The problem with it, as usual, wasn’t that it wasn’t well-researched (it was brimming with statistics), or cogently-written (the author makes a persuasive case that yes, more young women these days are using the economic downturn as an opportunity to go back to school instead of working crappy, low-paying jobs). The problem is that the NYT seems to fundamentally downplay the importance of actually talking to the people they’re reporting on.
The article had solid evidence for what the news was: the economy sucks, good jobs are scarce, statistics are showing that a disproportionate number of young women are dropping out of the labor force.
But it also had a truly staggering, almost insulting, number of expert voices. In total four experts were interviewed, including not one but two economists, a research director at a Chicago think thank, and the president of a community college in North Carolina. And what was the cumulative conclusion of their insights? The shocking revelation that (wait for it….) more young women are enrolling in college. Why we needed four separate experts and a comprehensive info-graphic to confirm the obvious fact that young women departing from the workforce has coincided with young women enrolling in school, is quite frankly beyond me. But thank you NYT for being so thorough.

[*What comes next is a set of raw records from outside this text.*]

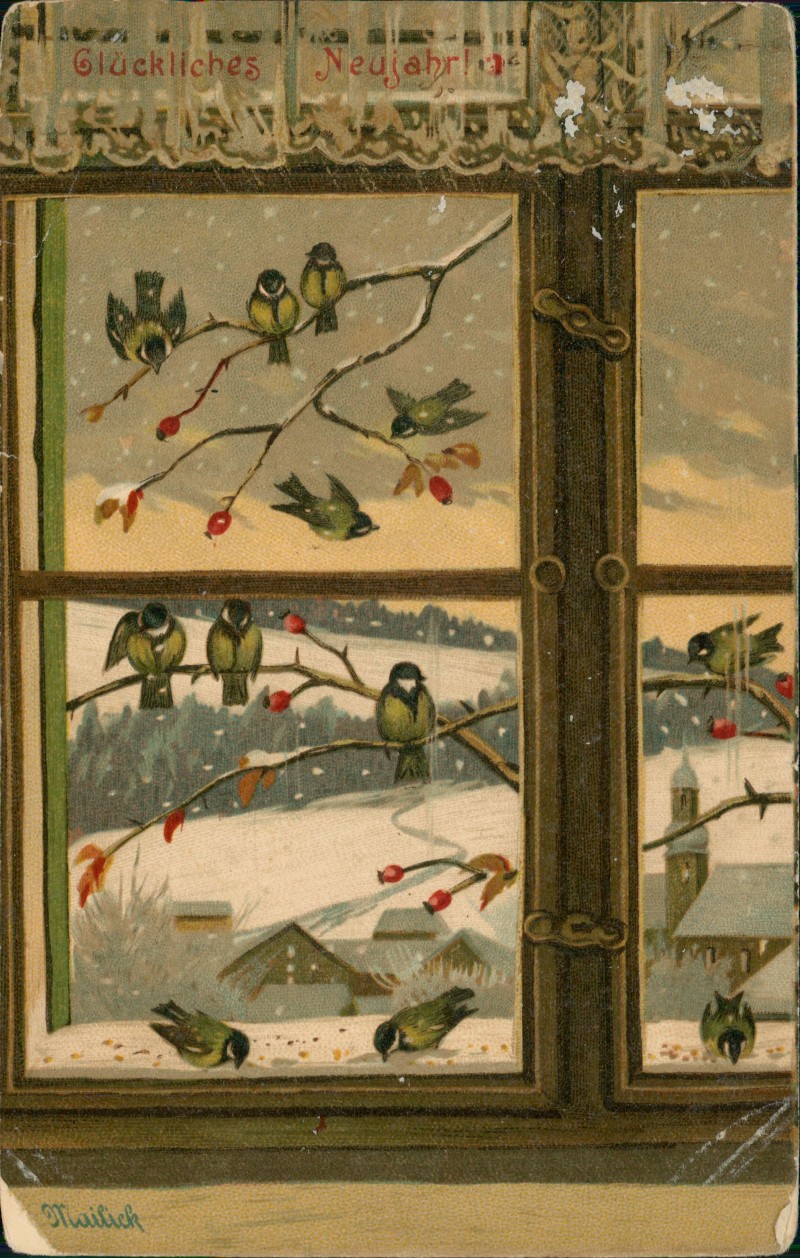 - Neujahr Sylvester New Year Vögel am Fenster Künstlerkarte Mailick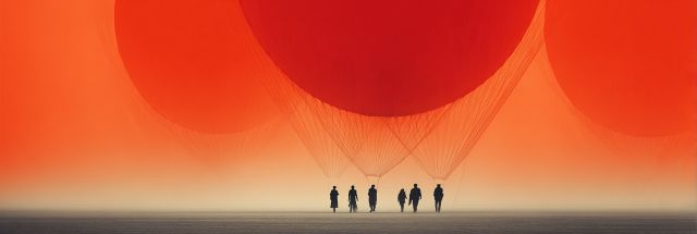 Amidst the vast silence of the desert, a stirring image emerges, capturing the essence of an otherworldly expedition beneath the embrace of mammoth crimson spheres. Enveloped in an atmosphere tinged with mystery and anticipation, figures proceed along the endless expanse, cast as silhouettes against the luminous contours of this surreal landscape. The sheer scale of the glowing orbs contrasts starkly with the diminutive human forms, a visual metaphor for the immensity of nature and our own transient passage through time. The meticulous arrangement of these celestial-like bodies, radiating with a fiery glow, evokes a scene from a dream or a distant memory.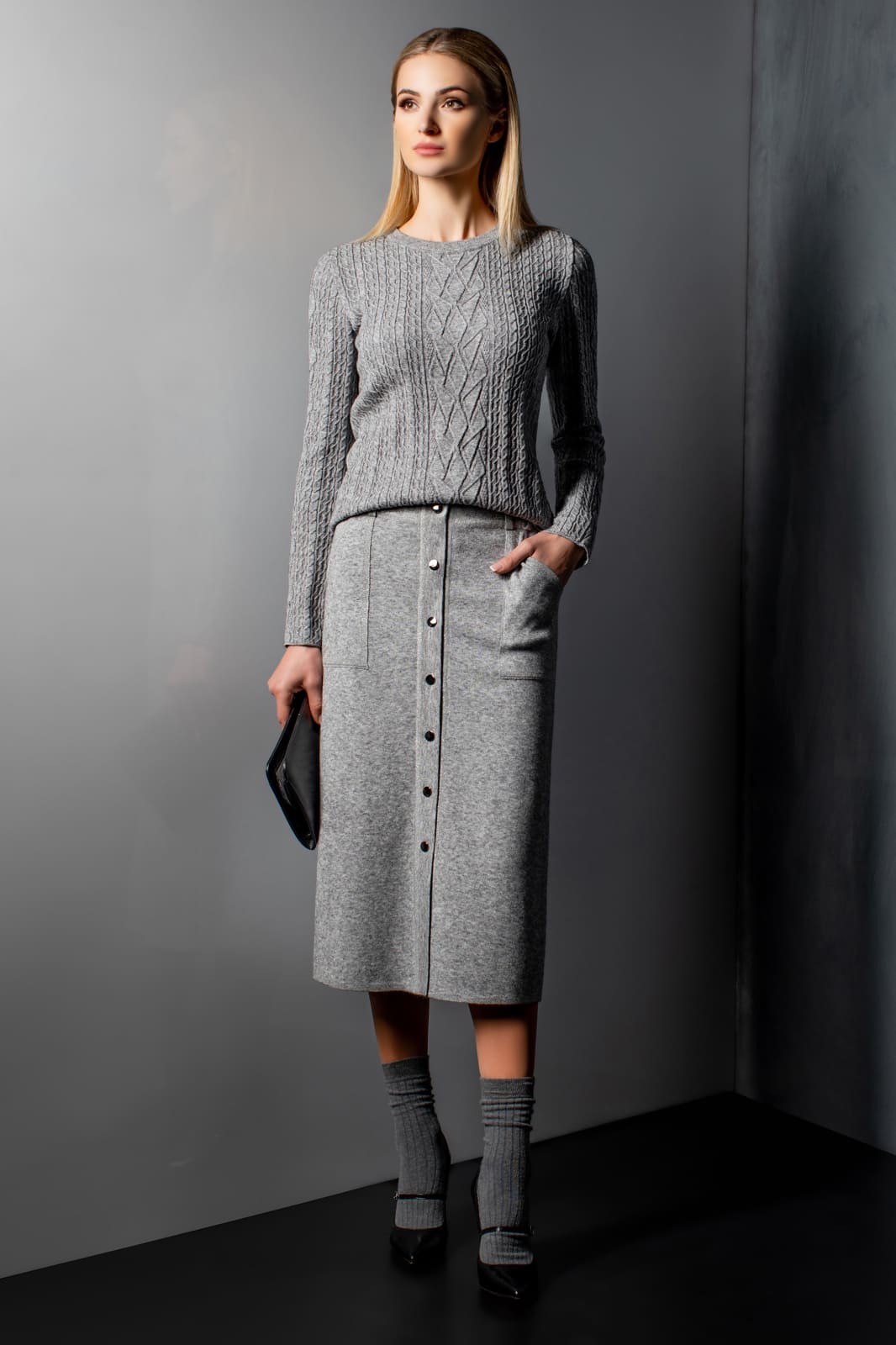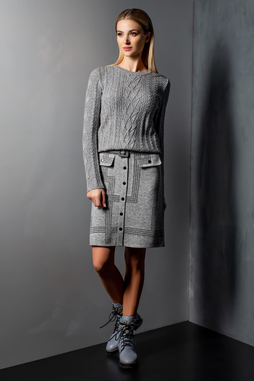 Джемпер женский полуприлегающего силуэта с длин. втачными рукавами. Круглый вырез горловины закеттлеван. Низ стана и рукавов заработаны.

If only if they could have been equally thorough in their coverage of real live women who are actually affected by this change. In contrast to the experts consulted, only one woman undergoing this transition (a Master’s candidate named Lauren Baker, who recently quit her job at Starbucks to go back to school) was actually interviewed for the article.
As a reader, I found this a little offensive. I understand the importance of experts, and I’m reassured to know that the New York Times has such knowledgeable sources at their disposal, I really am. But if the decisions of young women are only discussed and conjectured about at length by outside experts, while the women themselves are not being given their own voices, this is, in the words of Kate Zambreno, “a huge fucking problem”, (especially given that the subject matter of this article so obviously intertwined with complex feminist issues).
For shame, NYT.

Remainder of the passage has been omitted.